This work addresses the lack of safety guarantees in offline multi-agent reinforcement learning by proposing a novel approach that integrates neural individual control barrier functions into a diffusion model. This integration enables the generation of trajectories satisfying safety constraints without requiring online environment interaction, while an inverse dynamics model is employed to recover feasible control policies. To the best of our knowledge, this is the first method to combine control barrier functions with diffusion models for safe policy learning in offline multi-agent settings. Experimental results demonstrate that the proposed framework significantly enhances safety across multiple benchmark tasks while maintaining cumulative reward performance comparable to state-of-the-art methods.

Offline reinforcement learning allows control policies to be learned directly from data without online interaction, making it suitable for safety-critical tasks. Recent studies have applied diffusion models to offline reinforcement learning to leverage their strong capacity for modeling complex data distributions.
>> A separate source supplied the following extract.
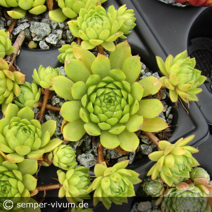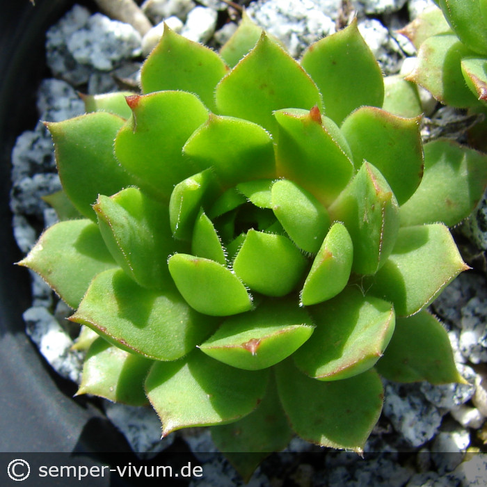 S. x rupicolum ist eine Hybride von S. montanum mit S. wulfenii, die natürlicherweise vorkommt. Im Aussehen zumeist wie eine S. wulfenii mit behaartem Laub. Dieser Klon formt eher schmale, grasgrüne Rosetten mit längeren Ausläufern, an denen der Nachwuchs gedeiht. Er wurde an einem Osthang bei Livigno in der Höhe von 2297m ü.NN. gefunden und bei uns für Sie vermehrt. Der Ort befindet sich in Italien und gehört zum Forcola di Livigno. Dieser Pass verbindet die italienische Zollfreizone von Livigno mit dem Valle di Poschiavo im schweizerischen Kanton Graubünden.

However, existing approaches primarily focus on single-agent settings, leaving the safety challenges in multi-agent environments largely unexplored. In this work, we propose a safe offline multi-agent reinforcement learning algorithm that embeds neural individual control barrier functions into the diffusion model to enhance safety during trajectory generation, with control policies recovered through inverse dynamics. We evaluate our algorithm across diverse benchmarks, demonstrating substantial safety improvements while maintaining competitive rewards.